Images are not part of the copy; write out the rest of the data exactly as given.
•••
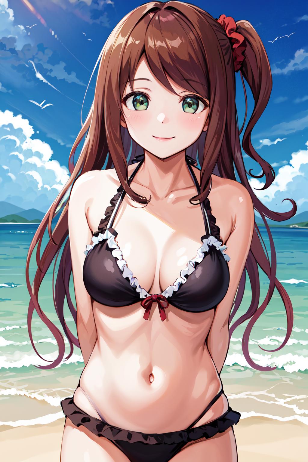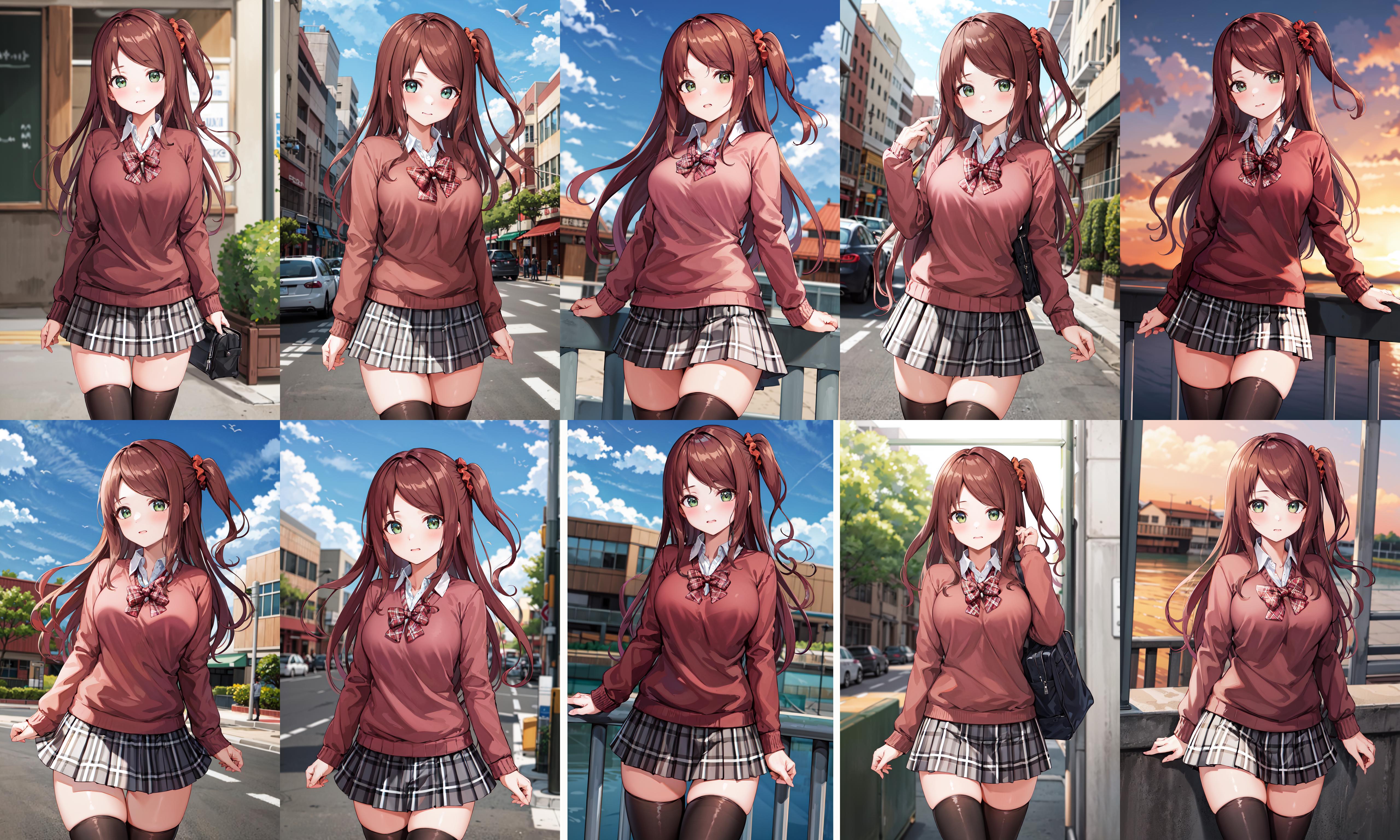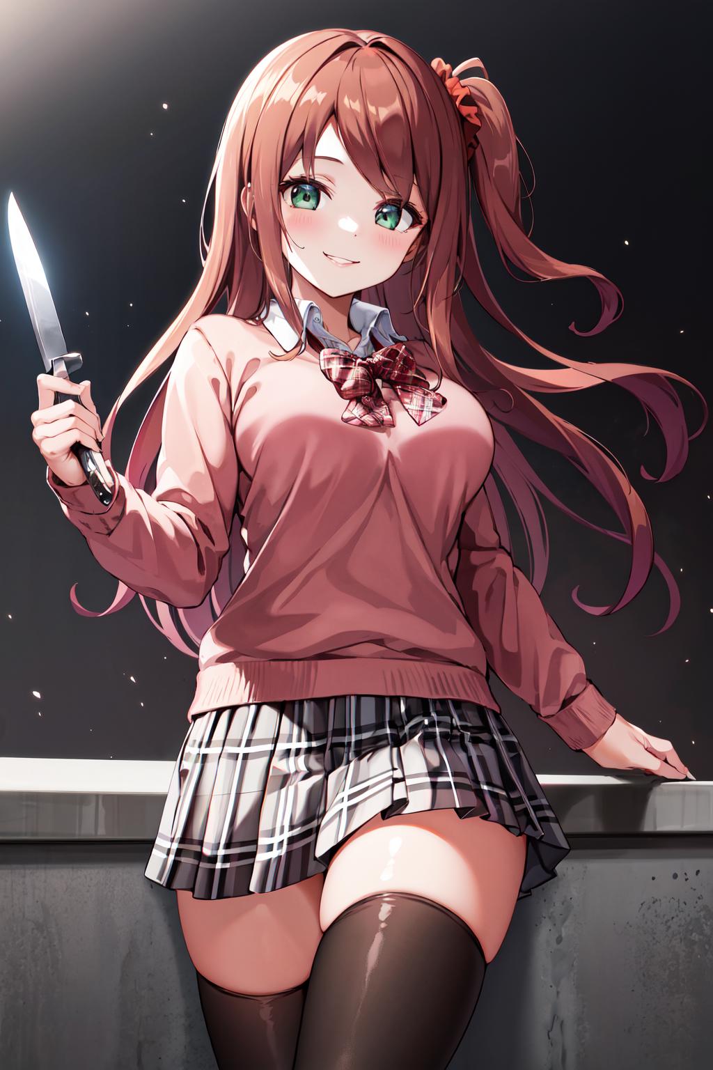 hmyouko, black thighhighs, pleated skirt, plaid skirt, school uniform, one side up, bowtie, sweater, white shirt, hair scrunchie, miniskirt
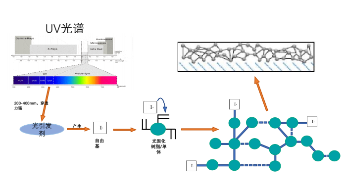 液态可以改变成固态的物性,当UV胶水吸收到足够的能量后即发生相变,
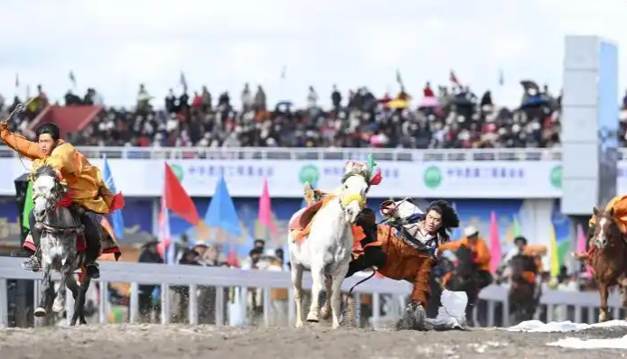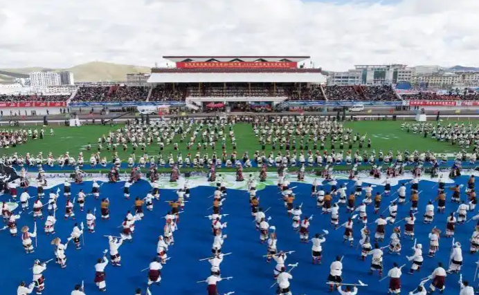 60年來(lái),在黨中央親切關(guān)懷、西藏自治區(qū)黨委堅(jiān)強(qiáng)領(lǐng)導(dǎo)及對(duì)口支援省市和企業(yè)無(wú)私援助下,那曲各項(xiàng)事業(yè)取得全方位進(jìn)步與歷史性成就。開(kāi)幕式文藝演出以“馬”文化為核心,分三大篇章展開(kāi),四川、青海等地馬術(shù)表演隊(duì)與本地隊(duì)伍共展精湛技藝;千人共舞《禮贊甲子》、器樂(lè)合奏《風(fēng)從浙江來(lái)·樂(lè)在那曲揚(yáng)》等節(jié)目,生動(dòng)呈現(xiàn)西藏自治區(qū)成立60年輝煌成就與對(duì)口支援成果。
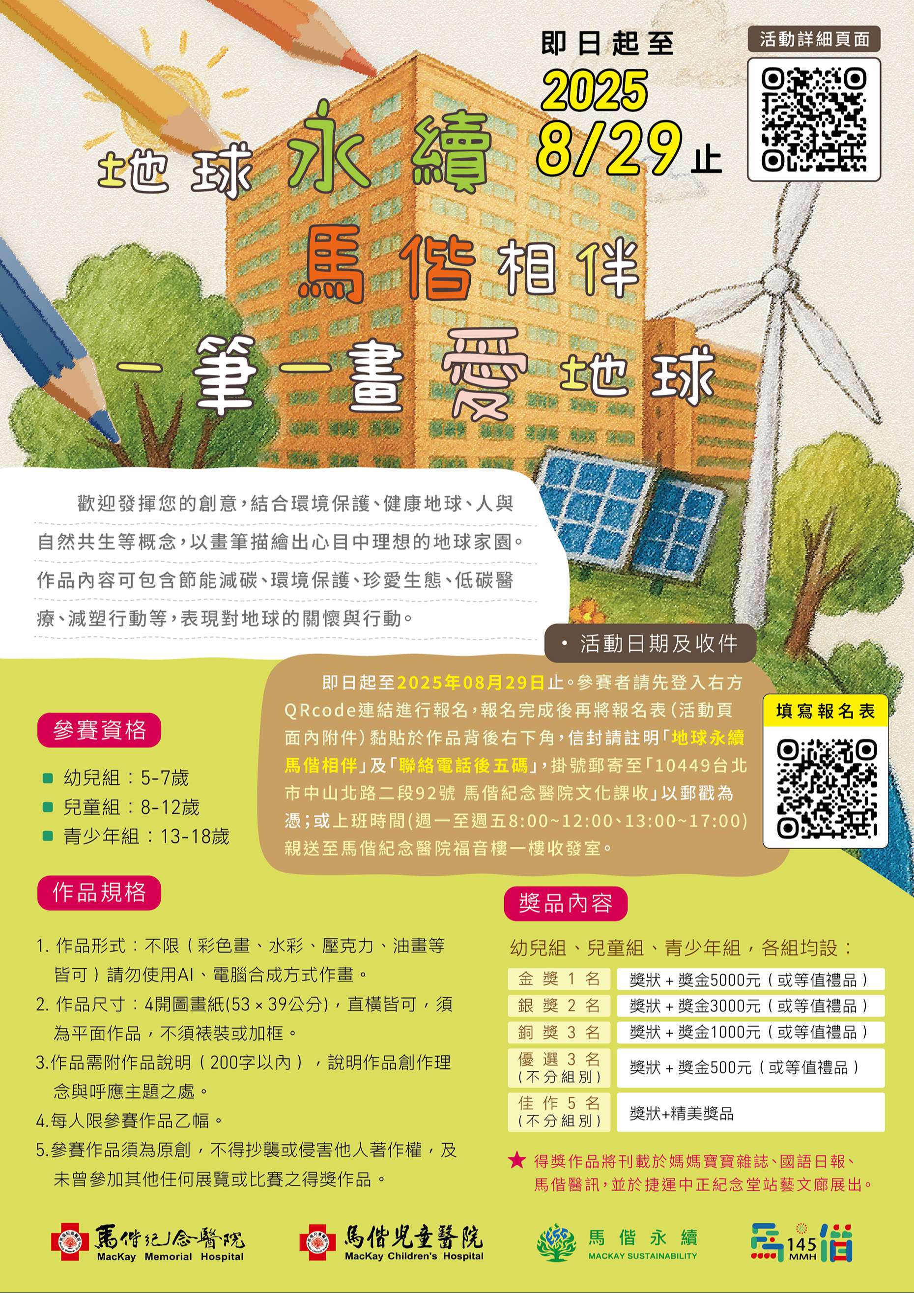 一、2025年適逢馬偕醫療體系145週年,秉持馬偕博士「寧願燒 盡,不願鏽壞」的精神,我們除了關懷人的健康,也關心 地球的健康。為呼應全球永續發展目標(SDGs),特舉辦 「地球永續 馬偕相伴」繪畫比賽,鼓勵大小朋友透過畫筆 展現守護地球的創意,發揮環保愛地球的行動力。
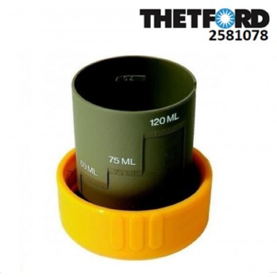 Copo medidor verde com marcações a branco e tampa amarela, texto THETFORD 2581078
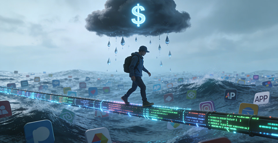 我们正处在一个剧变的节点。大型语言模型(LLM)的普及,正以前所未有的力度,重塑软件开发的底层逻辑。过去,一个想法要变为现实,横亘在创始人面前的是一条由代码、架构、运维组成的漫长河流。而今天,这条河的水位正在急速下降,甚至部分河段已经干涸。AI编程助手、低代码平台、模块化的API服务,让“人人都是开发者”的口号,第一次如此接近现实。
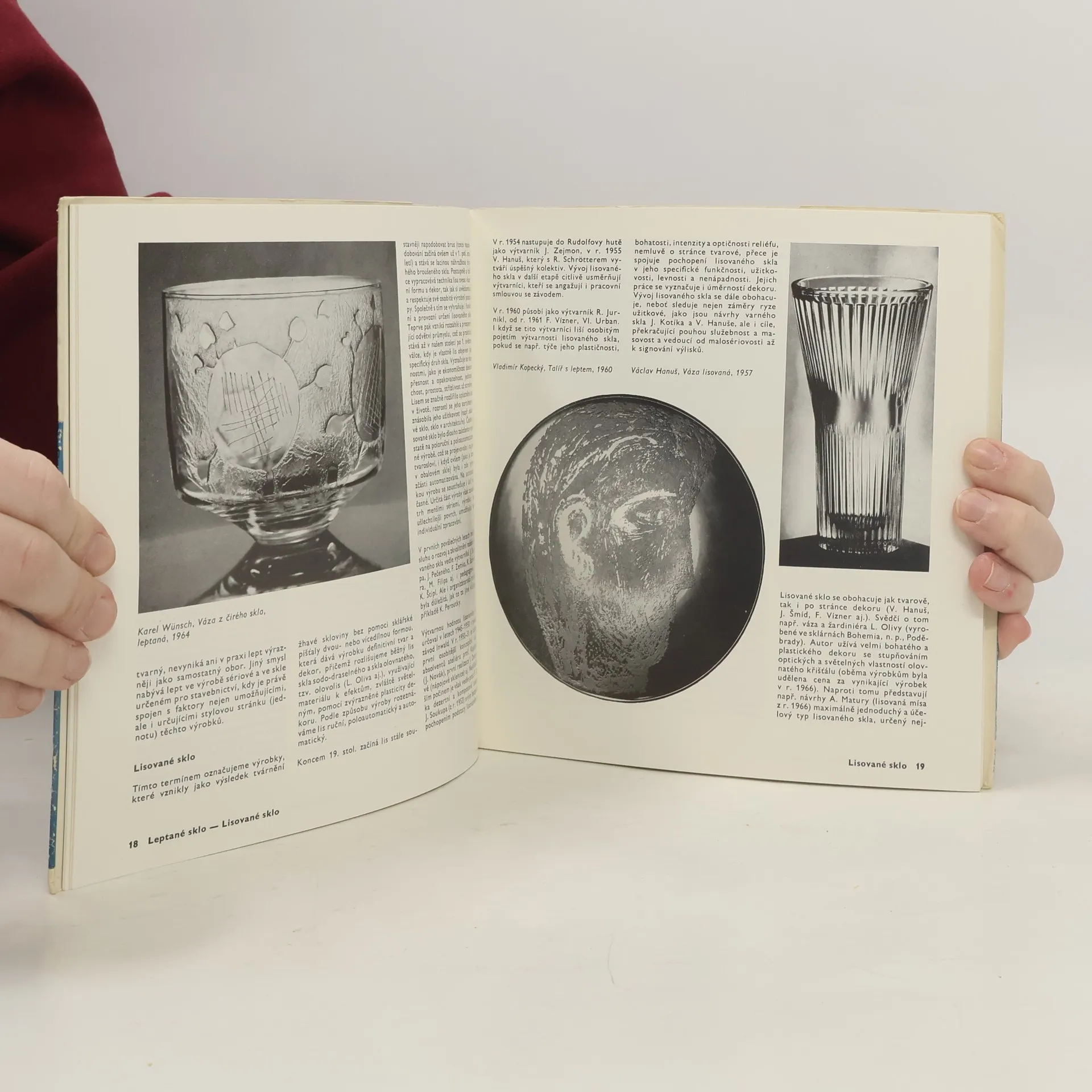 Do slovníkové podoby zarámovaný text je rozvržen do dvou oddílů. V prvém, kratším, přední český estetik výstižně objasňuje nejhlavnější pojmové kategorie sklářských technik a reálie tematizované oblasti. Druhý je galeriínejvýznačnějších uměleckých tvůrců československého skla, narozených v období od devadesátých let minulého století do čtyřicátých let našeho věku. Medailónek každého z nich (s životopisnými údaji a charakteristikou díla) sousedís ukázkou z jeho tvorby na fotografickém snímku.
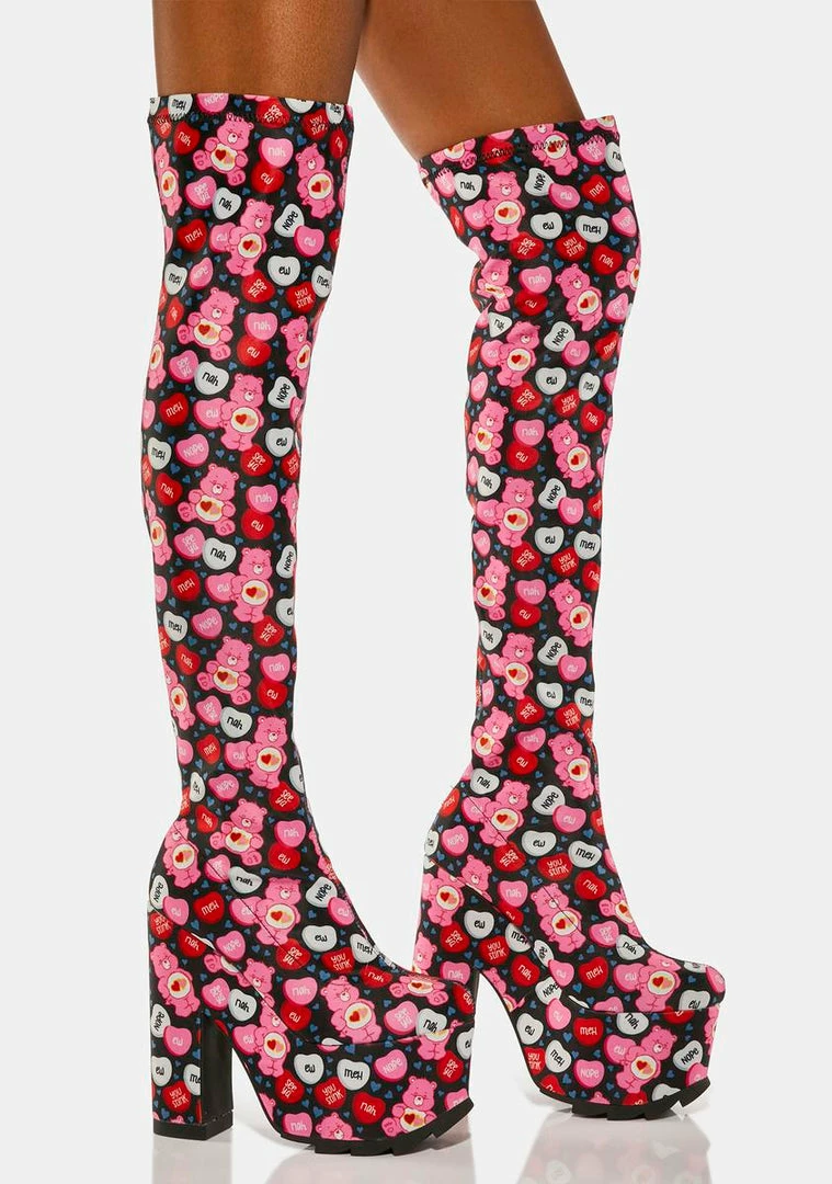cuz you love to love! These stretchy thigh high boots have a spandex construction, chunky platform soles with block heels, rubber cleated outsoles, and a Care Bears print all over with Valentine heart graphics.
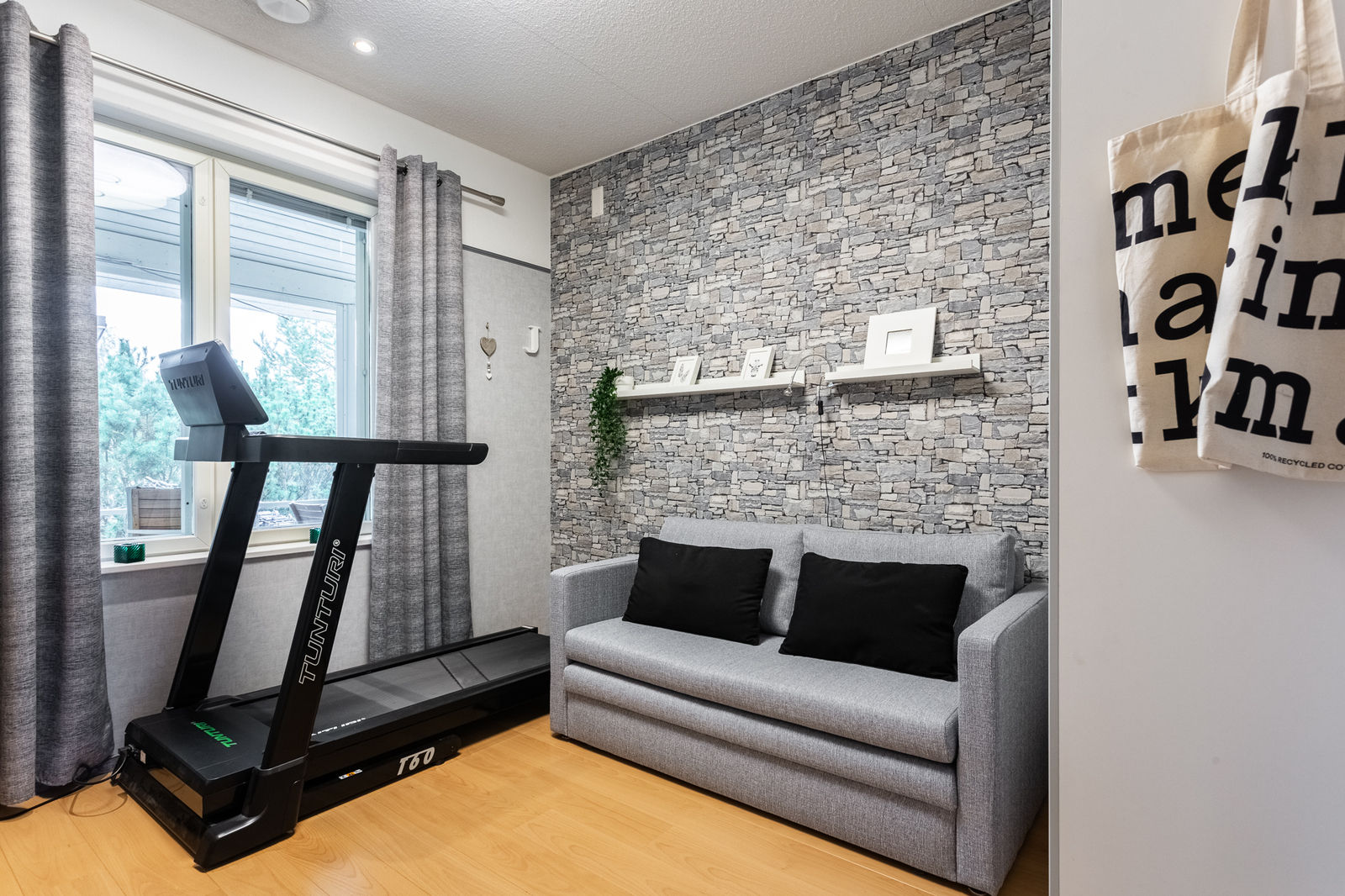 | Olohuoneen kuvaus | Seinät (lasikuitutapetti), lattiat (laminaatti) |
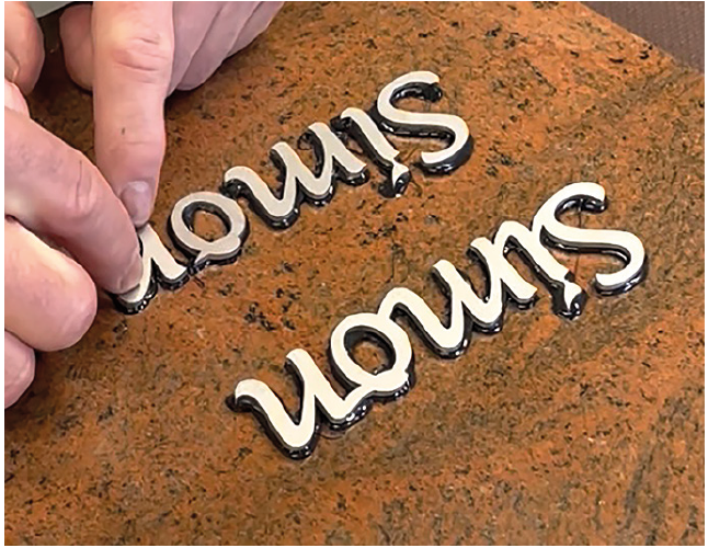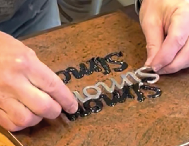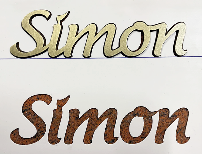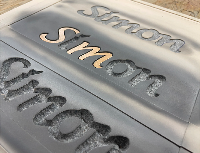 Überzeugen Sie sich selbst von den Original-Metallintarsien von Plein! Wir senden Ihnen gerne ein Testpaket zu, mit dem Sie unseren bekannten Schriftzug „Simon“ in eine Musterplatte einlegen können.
•••
### REPLY TO THE EXERCISE
 hmyouko, black thighhighs, pleated skirt, plaid skirt, school uniform, one side up, bowtie, sweater, white shirt, hair scrunchie, miniskirt
 液态可以改变成固态的物性,当UV胶水吸收到足够的能量后即发生相变,
 60年來(lái),在黨中央親切關(guān)懷、西藏自治區(qū)黨委堅(jiān)強(qiáng)領(lǐng)導(dǎo)及對(duì)口支援省市和企業(yè)無(wú)私援助下,那曲各項(xiàng)事業(yè)取得全方位進(jìn)步與歷史性成就。開(kāi)幕式文藝演出以“馬”文化為核心,分三大篇章展開(kāi),四川、青海等地馬術(shù)表演隊(duì)與本地隊(duì)伍共展精湛技藝;千人共舞《禮贊甲子》、器樂(lè)合奏《風(fēng)從浙江來(lái)·樂(lè)在那曲揚(yáng)》等節(jié)目,生動(dòng)呈現(xiàn)西藏自治區(qū)成立60年輝煌成就與對(duì)口支援成果。
 一、2025年適逢馬偕醫療體系145週年,秉持馬偕博士「寧願燒 盡,不願鏽壞」的精神,我們除了關懷人的健康,也關心 地球的健康。為呼應全球永續發展目標(SDGs),特舉辦 「地球永續 馬偕相伴」繪畫比賽,鼓勵大小朋友透過畫筆 展現守護地球的創意,發揮環保愛地球的行動力。
 Copo medidor verde com marcações a branco e tampa amarela, texto THETFORD 2581078
 我们正处在一个剧变的节点。大型语言模型(LLM)的普及,正以前所未有的力度,重塑软件开发的底层逻辑。过去,一个想法要变为现实,横亘在创始人面前的是一条由代码、架构、运维组成的漫长河流。而今天,这条河的水位正在急速下降,甚至部分河段已经干涸。AI编程助手、低代码平台、模块化的API服务,让“人人都是开发者”的口号,第一次如此接近现实。
 Do slovníkové podoby zarámovaný text je rozvržen do dvou oddílů. V prvém, kratším, přední český estetik výstižně objasňuje nejhlavnější pojmové kategorie sklářských technik a reálie tematizované oblasti. Druhý je galeriínejvýznačnějších uměleckých tvůrců československého skla, narozených v období od devadesátých let minulého století do čtyřicátých let našeho věku. Medailónek každého z nich (s životopisnými údaji a charakteristikou díla) sousedís ukázkou z jeho tvorby na fotografickém snímku.
cuz you love to love! These stretchy thigh high boots have a spandex construction, chunky platform soles with block heels, rubber cleated outsoles, and a Care Bears print all over with Valentine heart graphics.
 | Olohuoneen kuvaus | Seinät (lasikuitutapetti), lattiat (laminaatti) |
 Überzeugen Sie sich selbst von den Original-Metallintarsien von Plein! Wir senden Ihnen gerne ein Testpaket zu, mit dem Sie unseren bekannten Schriftzug „Simon“ in eine Musterplatte einlegen können.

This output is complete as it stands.